I Am a Real Swinger

I had intended to write a very philosophical post about Easter, resurrection, and what the ideas of spring rebirth could mean to us today, other than the obvious religious ones. It just wasn’t coming together, so I looked at blog post suggestions from several websites. I didn’t get any specific ideas there, but while doing it an old favorite poem come to mind. So, I shall write about that. After all, we do need a bit of frivol in this unfrivolous time.

When I was very young, I had a swing which was a thick rope with a board seat hung from a limb of a black walnut tree in the front yard. I loved that swing. I could sit there for long times, singing to myself and making up stories with my imaginary playmates. I knew the “friends” weren’t real, but I enjoyed them. It was there that I began developing the imagination that has served me well over the years.

On that farm there were kittens and dogs. I told them my stories. There was also a brown mulley cow, Polly. I loved Polly. She was sort of my nursemaid. Mom said one time she looked for me out the window and saw me lying on Polly’s head with my arms around her neck. Polly was calmly eating grass and didn’t move while I hugged her. Mom also said that, had she wanted to, Polly could have slung me into a nearby tree. But Polly was gentle, she generously gave us milk that Mom turned into butter and cottage cheese, as well as using it as the milk it already was.

That front-yard swing was not the only one we had; there was one that Grandpa had made on the porch. Mom, Dad, and I would sit there in the dark, warm nights, me crowded in between them. We sat there looking at the stars and the lights from houses across the valley. We sat there and sang. I learned some of my then-favorite songs during those dark, starry nights. I’m Forever Blowing Bubbles; The Old Rugged Cross; Wait ‘Til the Sun Shines, Nellie; Froggie Went a-Courtin’; and a few others.

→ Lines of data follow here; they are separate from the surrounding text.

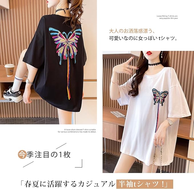 [HuuMeNEIDOO] tシャツ レディース 半袖 ロングtシャツ 刺繍 蝶柄 ティーシャツ 丸首 トップス カットソー プルオーバー ゆったり 体型カバー オーバーサイズ 速乾 韓国 ファッション 普段着 春 夏 秋
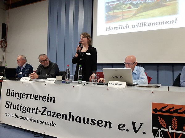 Zur Einleitung berichtet Katrin Scheck vom Aktionstag in Öffingen im September 2018 mit 5000 Teilnehmern, von der Info-Veranstaltung in Kornwestheim und von der Demonstration vor der Alten Kelter in Fellbach beim politischen Aschermittwoch der CDU.
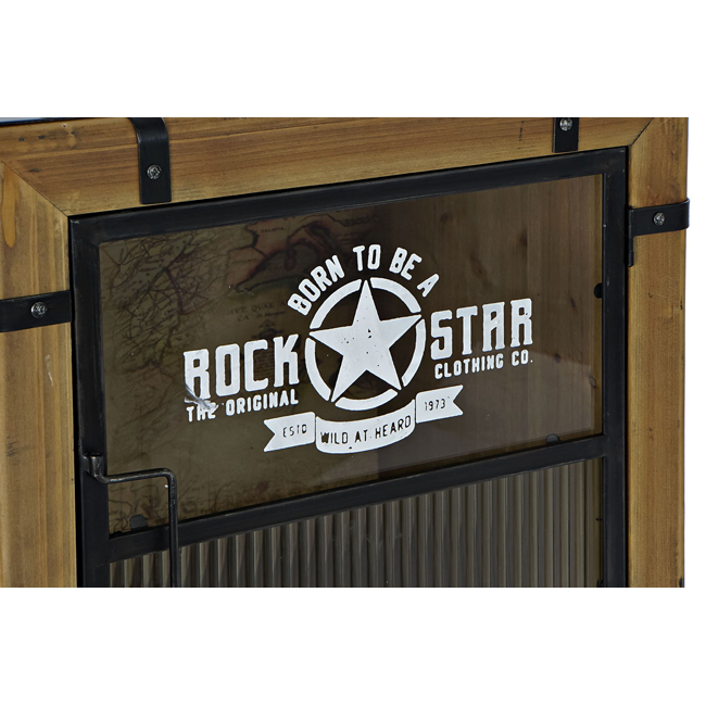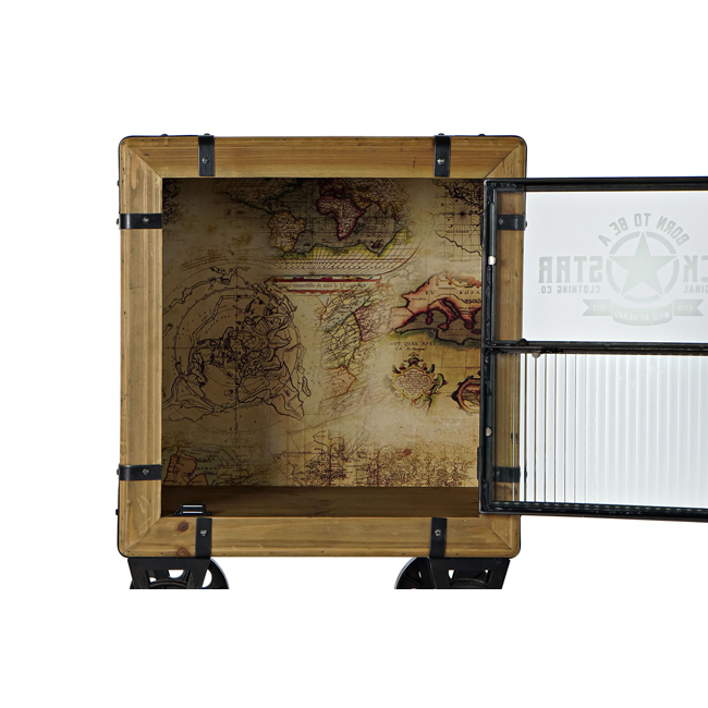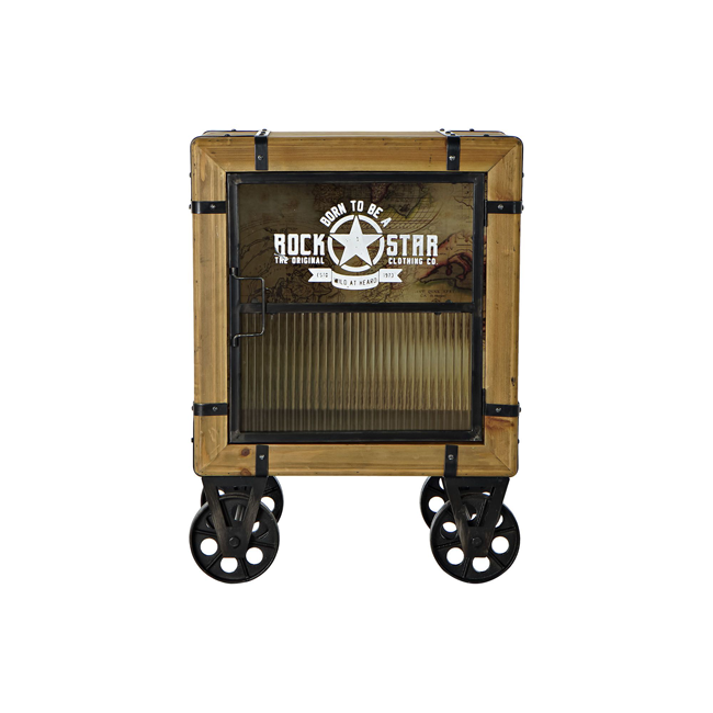 Mesita de noche estilo vintage en madera de abedul y cristal con ruedas.
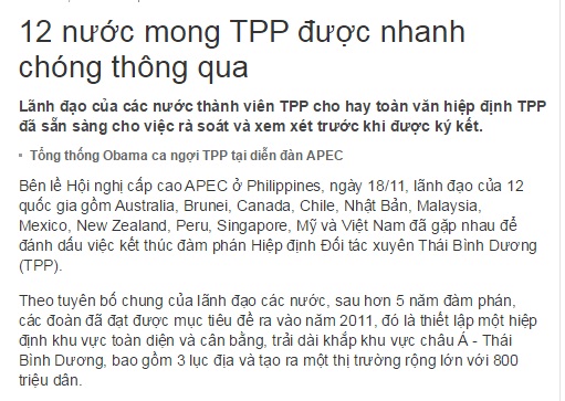 Vnexpress ngày 19/11/2015 đưa tin: . Theo đó, bên lề 33Win03 tải ứng dụng về máy cấp cao APEC ở Philippines, ngày 18/11, lãnh đạo của 12 33Win60 khuyến mãi hấp dẫn gồm Australia, Brunei, Canada, Chile, Nhật Bản, Malaysia, Mexico, New Zealand, Peru, Singapore, Mỹ và Việt Nam đã gặp nhau để đánh dấu việc kết thúc đàm phán Hiệp định Đối tác xuyên Thái Bình Dương (TPP).
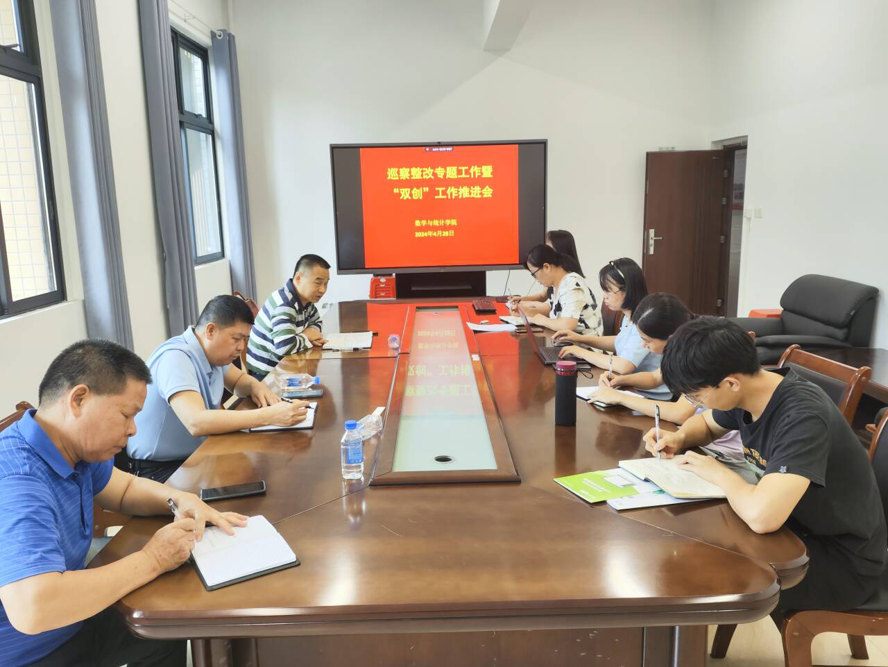 4月29日,数学与统计学院于我校东校区新民楼C315会议室召开巡察整改专题工作暨“双创”工作推进会,该院党委书记庞伟、党委副书记李秀英、党委专职组织员陆发焕、钟开运及全体党支部书记参加会议。会议由庞伟主持。
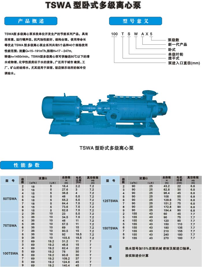 TSWA型臥式多級(jí)離心泵 您現(xiàn)在所在的位置:首頁(yè) >>產(chǎn)品系列>>TSWA型臥式多級(jí)離心泵
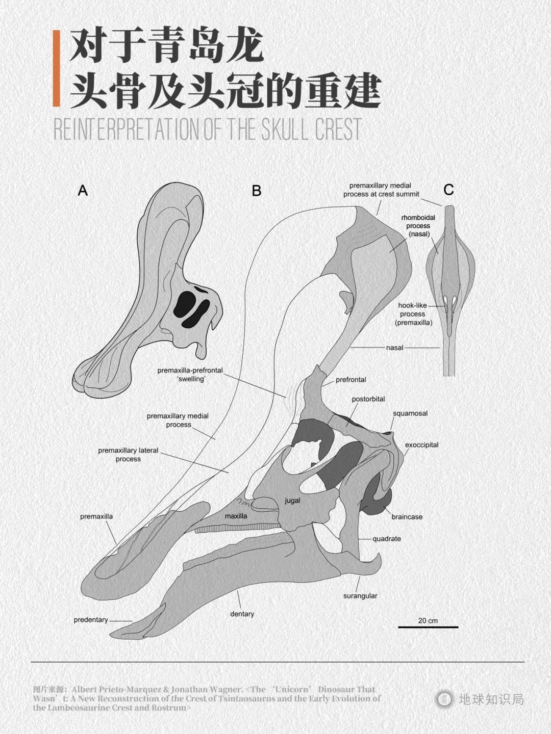 首先是“角”,根据最新研究发现,青岛龙脑袋上的“角”可能是一个更大的头冠后缘的一部分,只因为化石保存不完整,才造成了这个误会。
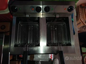 Friggitrice Elettrica Doppia Vasca da 10+10 Amitek. Prodotto in ottimo stato utilizzata pochissimo. Con rubinetti frontali per uno scarico d'olio più veloce e sicuro. Vendo per chiusura attività.
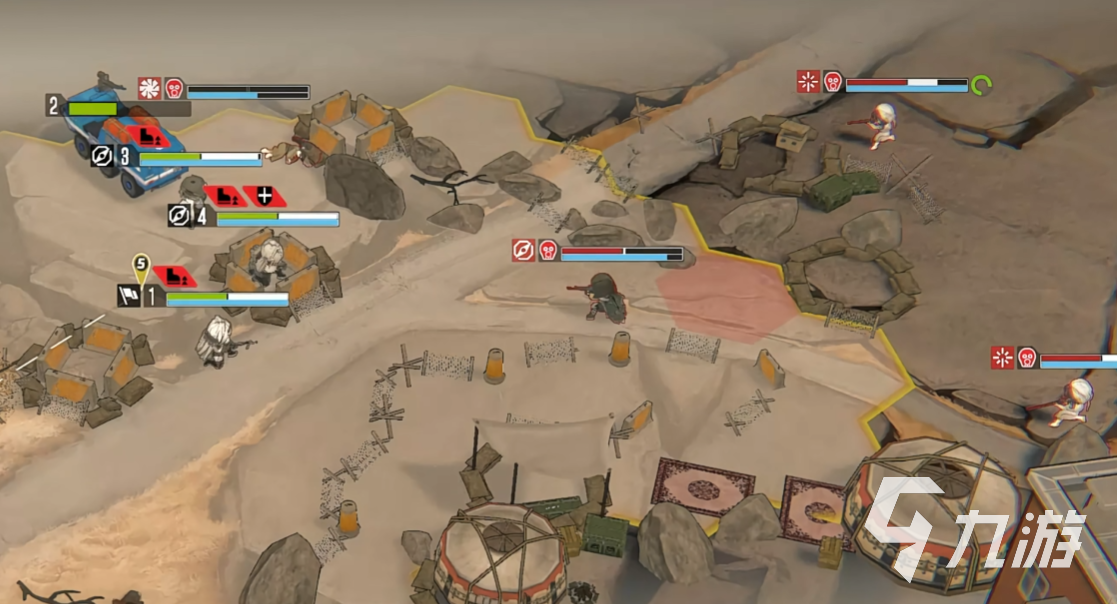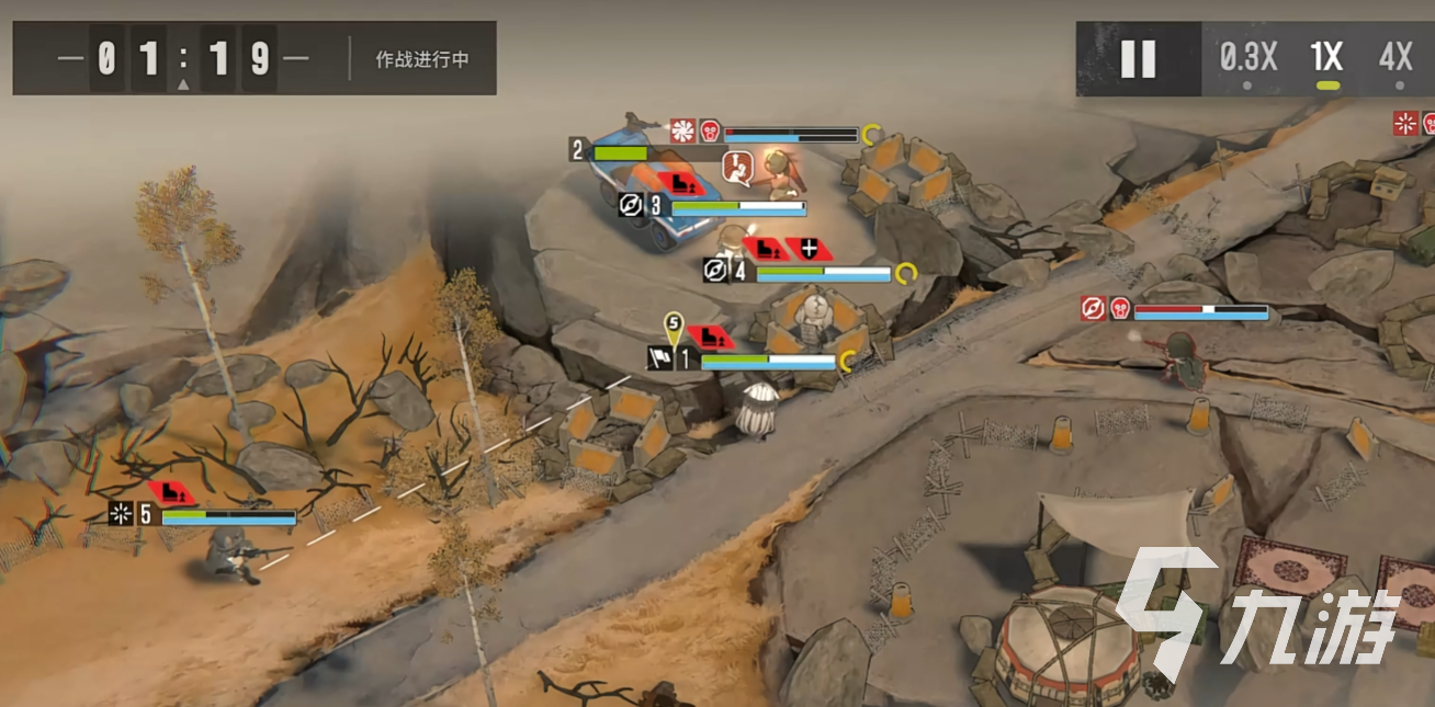 这里的核心玩法是即时战术操作,玩家通过单指框选单位、双指缩放视角等简易手势指挥战斗。战场采用六边形格地图,地形要素对战术影响更大,山地可提升远程单位射程但减缓重装移动,丛林提供隐匿效果,废墟墙体可被破坏以开辟新路径。玩家需根据环境调整部署,例如利用工程兵建造碉堡或医疗站,协同侦察兵标记隐藏敌人,形成步坦协同的战术链条。

I walked about the farm singing all the time, but mostly, I associate swinging and singing. Imagine my thrill when I discovered a poem that expressed my feelings exactly.

 

The Swing

How do you like to go up in a swing,
Up in the air so blue?
Oh, I do think it the pleasantest thing
Ever a child can do!

Up in the air and over the wall,
Till I can see so wide,
River and trees and cattle and all
Over the countryside—

Till I look down on the garden green,
Down on the roof so brown—
Up in the air I go flying again,
Up in the air and down!

(Robert Louis Stevenson (1850-1894)
This poem is in the public domain.)

 

Our lives would change drastically in the next few years. I grew up but never lost the thrill of swinging. At one time my neighbors had a swing in their yard. The swing hung from a high limb on a hill. Swing high I went out over a void which did make me feel like I was flying. I actually looked  down on a roof so brown. I still have the porch swing. It’s been with me all my life. And sometimes I hang it up, when the weather gets warm, on my own front porch. I have been known to sit there and swing sometimes and remember, and dream, and imagine on a warm, starry night.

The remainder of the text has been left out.